Having introduced per-context seqno, we now have a means to identity
progress across the system without feel of rollback as befell the
global_seqno. That is we can program a MI_SEMAPHORE_WAIT operation in
advance of submission safe in the knowledge that our target seqno and
address is stable.

However, since we are telling the GPU to busy-spin on the target address
until it matches the signaling seqno, we only want to do so when we are
sure that busy-spin will be completed quickly. To achieve this we only
submit the request to HW once the signaler is itself executing (modulo
preemption causing us to wait longer), and we only do so for default and
above priority requests (so that idle priority tasks never themselves
hog the GPU waiting for others).

As might be reasonably expected, HW semaphores excel in inter-engine
synchronisation microbenchmarks (where the 3x reduced latency / increased
throughput more than offset the power cost of spinning on a second ring)
and have significant improvement (can be up to ~10%, most see no change)
for single clients that utilize multiple engines (typically media players
and transcoders), without regressing multiple clients that can saturate
the system or changing the power envelope dramatically.
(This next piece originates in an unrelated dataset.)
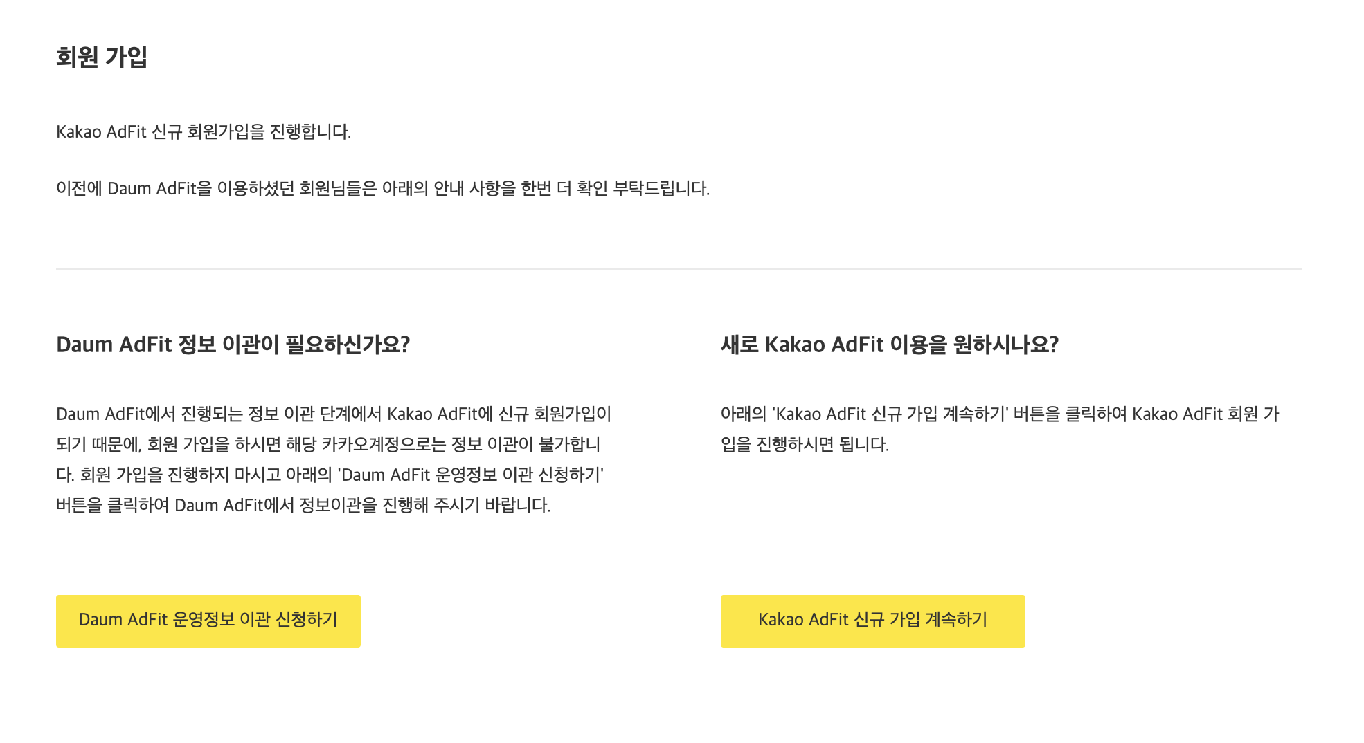 예전 다음애드핏 회원이라면 이관신청하면 되고
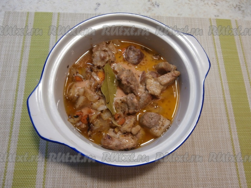 Кусочки свинины с овощами залить подготовленным томатно-сметанным соусом, добавить лавровый лист.

v3: Drop the older NEQ branch, now we pin the signaler's HWSP anyway.
v4: Tell the world and include it as part of scheduler caps.

Testcase: igt/gem_exec_whisper
Testcase: igt/benchmarks/gem_wsim
Signed-off-by: Chris Wilson <chris@chris-wilson.co.uk>
Cc: Tvrtko Ursulin <tvrtko.ursulin@intel.com>
Reviewed-by: Tvrtko Ursulin <tvrtko.ursulin@intel.com>
---
 drivers/gpu/drm/i915/i915_drv.c           |   2 +-
 drivers/gpu/drm/i915/i915_request.c       | 138 +++++++++++++++++++++-
 drivers/gpu/drm/i915/i915_request.h       |  26 +++-
 drivers/gpu/drm/i915/i915_sw_fence.c      |   4 +-
 drivers/gpu/drm/i915/i915_sw_fence.h      |   3 +
 drivers/gpu/drm/i915/intel_engine_cs.c    |   1 +
 drivers/gpu/drm/i915/intel_gpu_commands.h |   9 +-
 drivers/gpu/drm/i915/intel_lrc.c          |   1 +
 drivers/gpu/drm/i915/intel_ringbuffer.h   |   7 ++
 include/uapi/drm/i915_drm.h               |   1 +
 10 files changed, 181 insertions(+), 11 deletions(-)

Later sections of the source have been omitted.